California has been both good to us, and bad, but the bottom line is that this event did not ruin seven months worth of traveling here – we tried to see the positive in the worst possible situation we had been in in 7 months.
We traveled down to our stops for those nights, still in shock of what had occurred and trying to think what else we had in our bags. Every day we thought of other things that were missing.
The first of the three nights along Highway 1 was in Monterrey. It seems like a blur when thinking about it now, but there wasn’t anything special about the place we arrived quite late unpacked and went to bed. However I must add – the scenery and views along the coast were amazing.
The next night was in San Simeon, which was an amazing little place on the coast. On the way down we passed some of the most amazing views we had ever seen – very similar to Chappies in Cape Town:
We also got to see some sea-lions on our drive down. They were the young ones, imagine the adults:
Santa Barbara was our last stop on the way down to LA, and it was the place were Cameron had to write his first exam. It was an interesting little motel on a busy street – talk about an interesting exam venue! But we made it work for one night. We went out for dinner at a Sushi restaurant in the busiest part of downtown Santa Barbara. The food was really good and reminded us of home. Santa Barbara was great.
And by the way, Dad’s backup worked 100%! All he lost was the 5 days of mails since the last backup so he was very happy!

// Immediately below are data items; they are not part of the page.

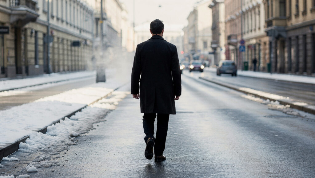 モスクワの冬空に薄く雪が舞う通りを、ボーンがゆっくり歩きます。呼気が白く変わるたびに足元の雪がきしむ音を残し、遠くから救急車のサイレンが途切れ途切れに響きます。彼の歩幅は一定に保たれ、街灯の弱い光が顔の半分を照らし、もう半分は影に沈みます。地面に落ちた光の模様が揺れながら進む方向を示すように伸びていきます。
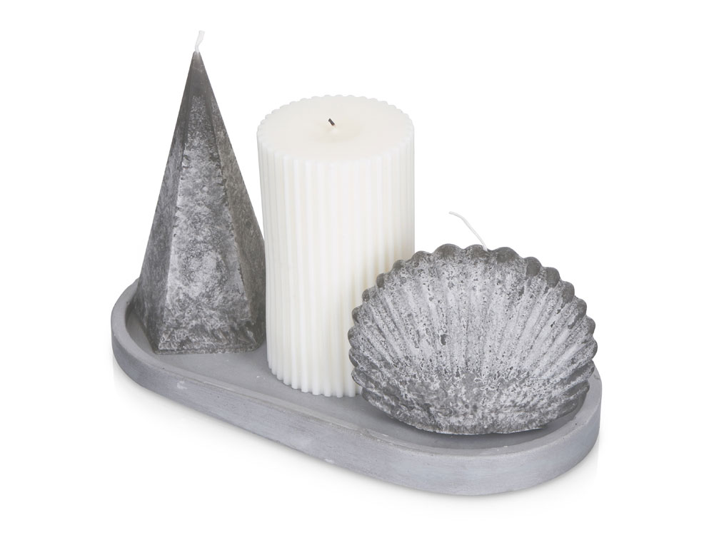 Этот набор из трех ароматических свечей непременно понравится приверженцам минимализма и стилей хай-тек, лофт, эко и скандинавского. Лаконичная геометрия, сочетающаяся с природным дизайном ракушки, натуральные молочный и неоднородный серый оттенки и подставка из гипсобетона смотрятся естественно, стильно и ненавязчиво. Благородный аромат черного перца и кожи, одновременно свежий и терпкий, подарит ощущение комфорта и уверенности. Свечи на 80% изготовлены из натуральных соевого и кокосового воска, не токсичны при горении и не вредны для дыхания. После того как свечи прогорят, подставку можно использовать для пало санто или других благовоний, а также для хранения различных мелочей или ювелирных украшений. - Минималистичный дизайн - Многофункциональная подставка из гипсобетона - Экосостав - Ручная работа
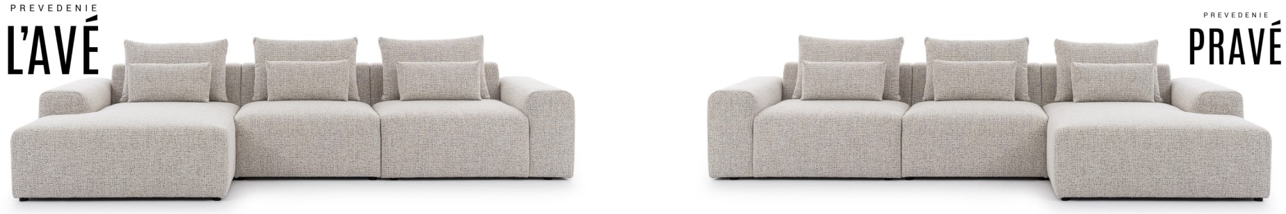 Moderná sedačka v minimalistickom dizajne LUNA v tvare rohovom prevedení verzia R4 (OBL+1,5+1,5BP) vyobrazena cena bez zahlavníkov
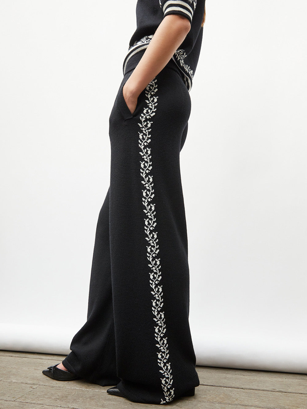 Pantalon Érable signé Molli confectionné dans une maille fine en laine noire décoré d'un motifs jacquard en guirlande sur toute la longueur de la jambe. Un pantalon à la coupe droite évasée muni de poches sur les côtés.
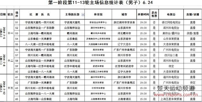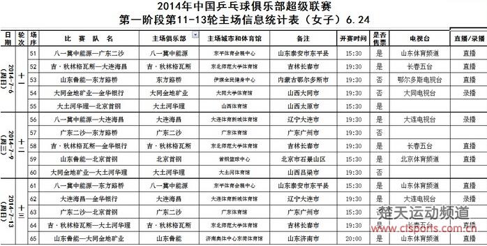 以下是2014乒超联赛第一阶段第11-13轮主场统计表及转播信息:
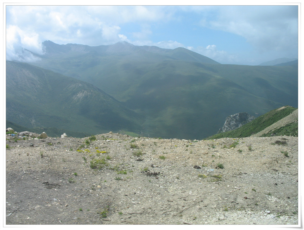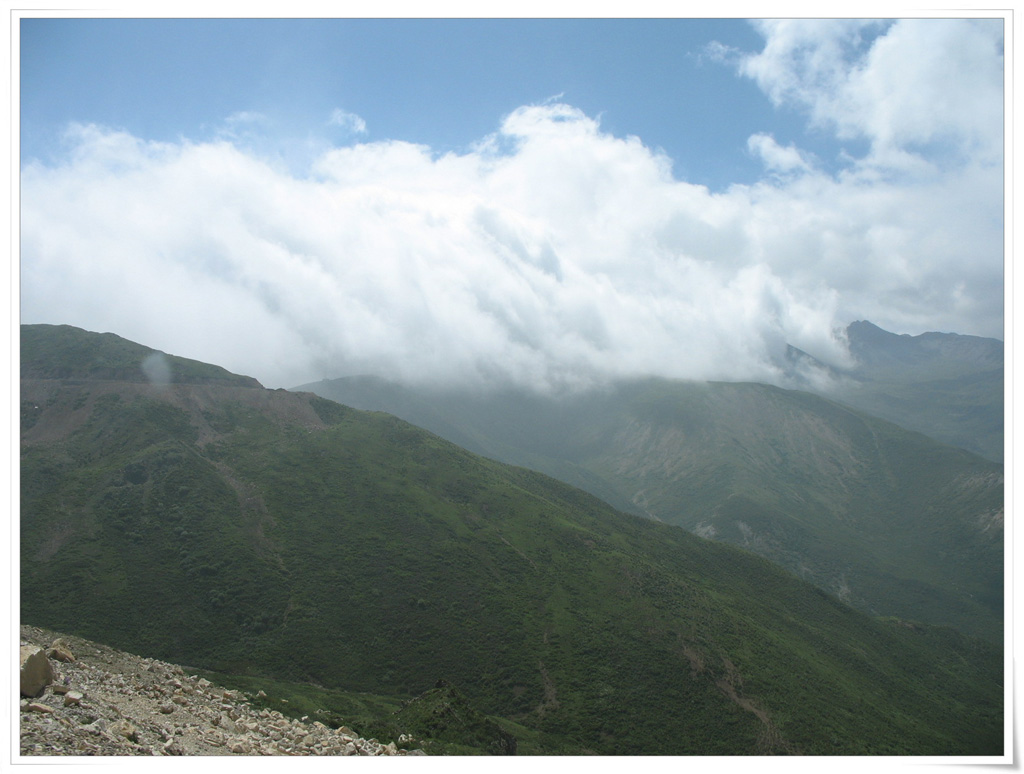 车继续开往黄龙,要跨过海拔4500米的高山,车就像在天上走,驶入云霄。
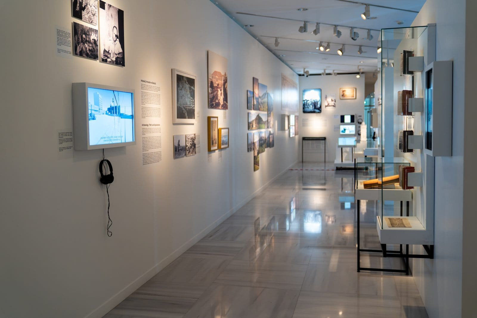 Though peppered with gems of Palestinian modernism, the exhibition was mainly a theater of objectification, an archival historiography of misrepresentation by European Orientalists. Several photographs exemplify this simplistic othering in which Palestinians are impersonalized amid wayward crowds and impenetrable boundaries. One image by Gustaf Dalman of the German Protestant Institute of Archaeology, titled Natives (1914), shows two turbaned men standing in long, folkloric robes—a scene stereotypically rendered for a touristic postcard or colonial ethnography. In a similar vein, Allenby Bridge Photograph (1967) by the United Nations Relief and Works Agency for Palestine Refugees in the Near East (UNRWA) depicts a mass of Palestinians in transit, some carrying infants, traversing the ruins of a destroyed overpass while an entourage of Western-attired bystanders look down at them from the top of the severed concrete—some leisurely under an umbrella and in the company of at least one photographer.
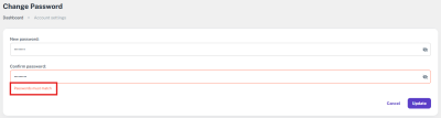 Once both rules are fulfilled — the password meets all validation criteria and both password fields match — simply click the Update button to successfully change the password. If the user wishes to cancel the process at any time, they can click the Cancel button to exit the User Management section.
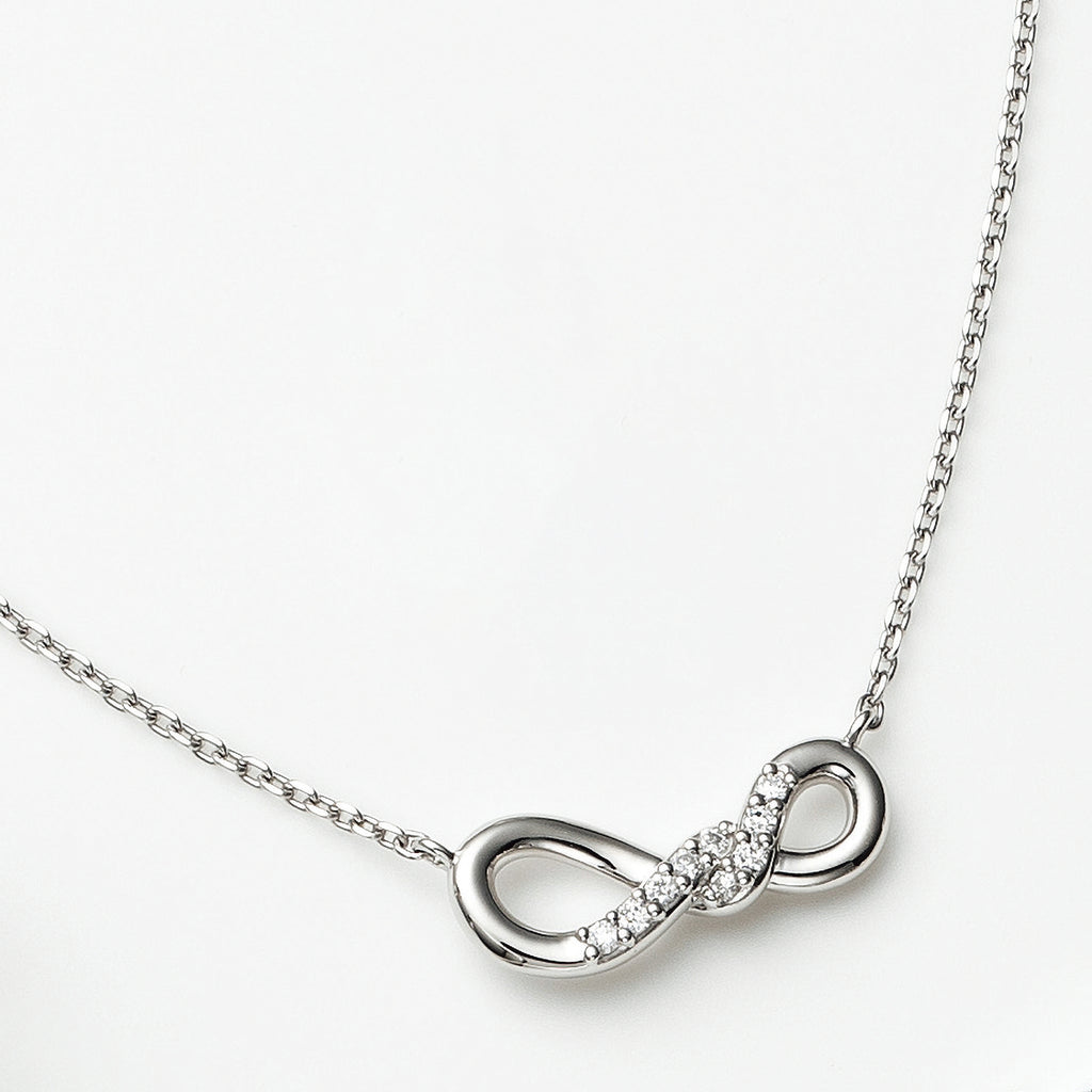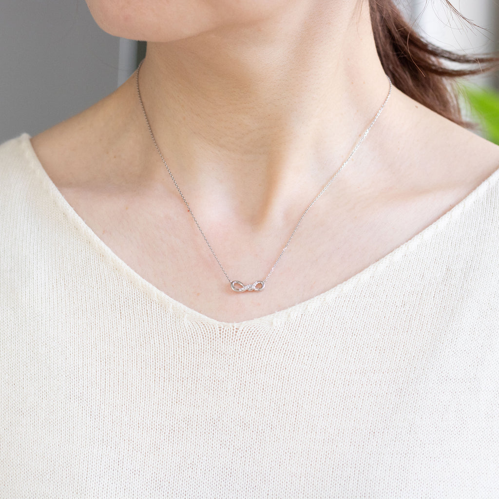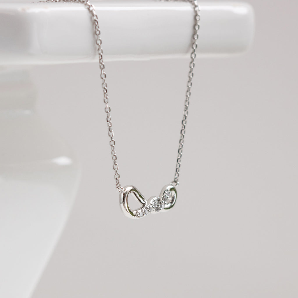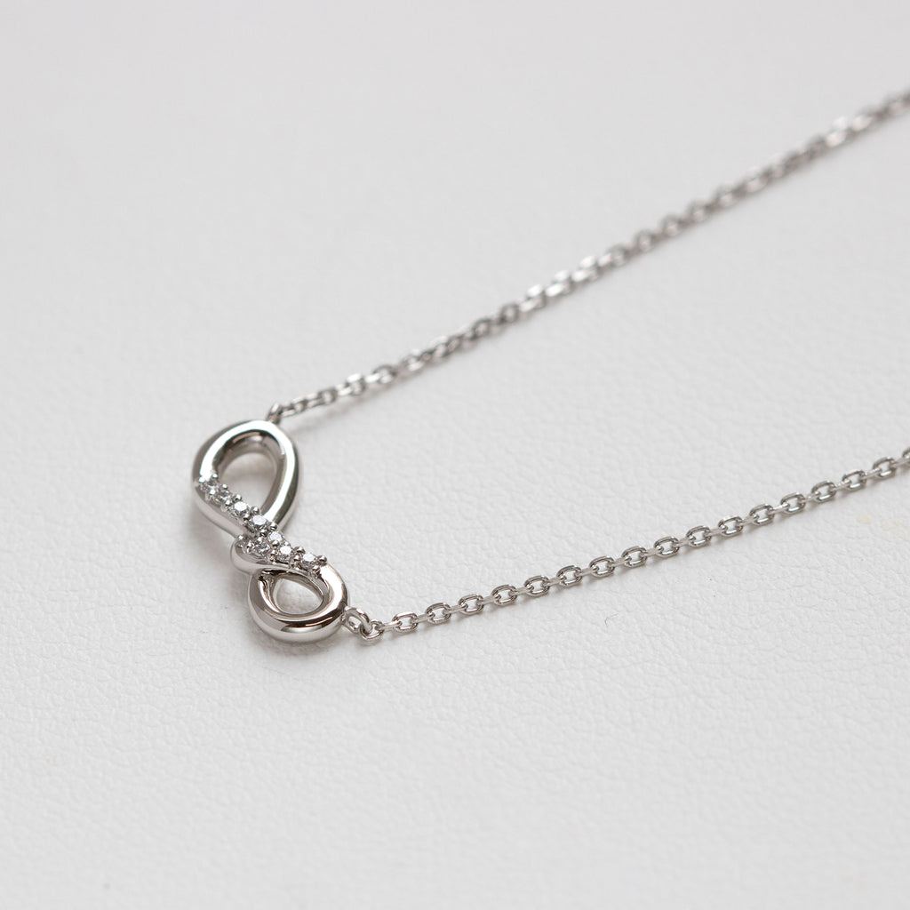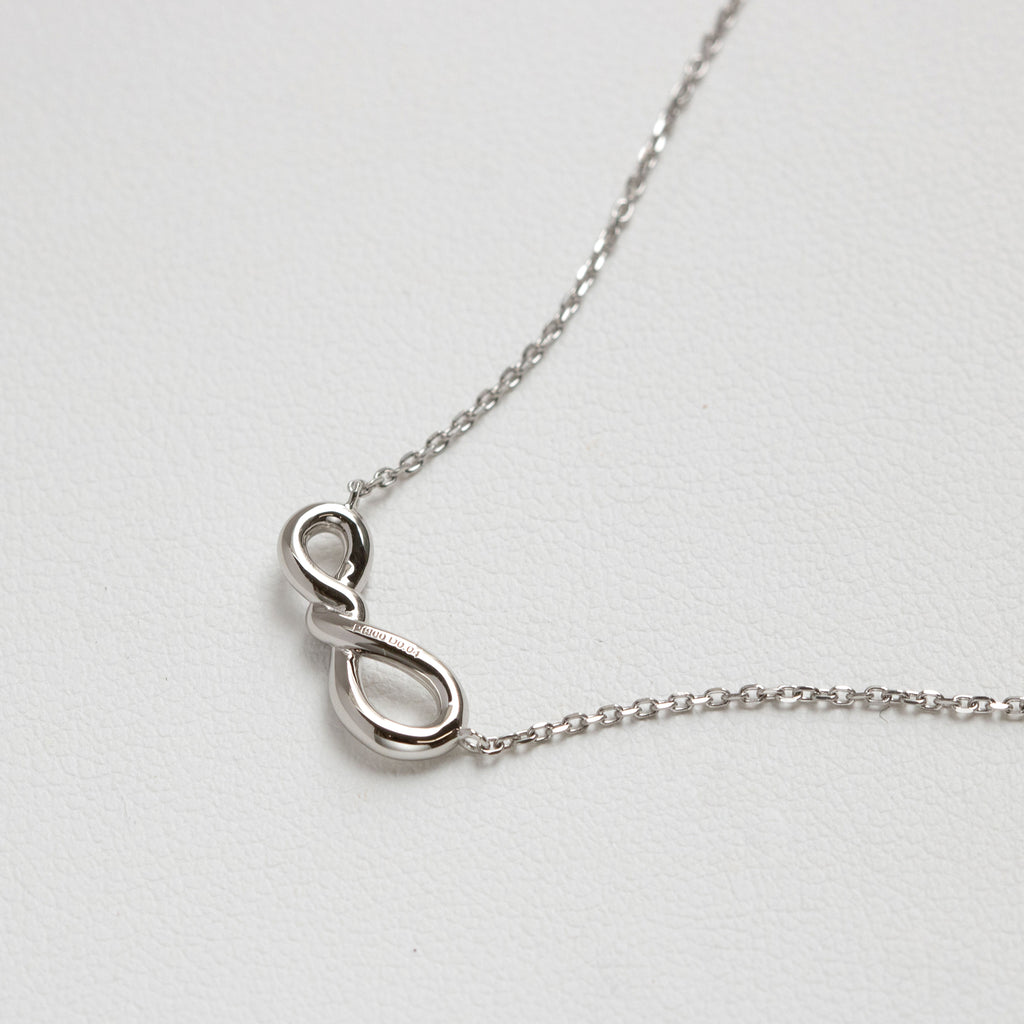 永遠を意味するインフィニティモチーフを、左右非対称のフォルムで表現したネックレス。

Russell: Yes the traumatic loss of our backpacks impacted on us tremendously but we kept on stressing the positive to the family – we were not mugged or hijacked – that could have been worse. It is now 3 weeks later and we have emergency travel documents from Ireland and RSA so tomorrow we are coming home! A big thank you to Marcelle and Shireen at the office who had to sort out the insurance claim with Nick at Lyall Morgan. A big thank you to Nick and his team – we have already been paid out or the loss and we have since replaced all the technology etc. Thanks all!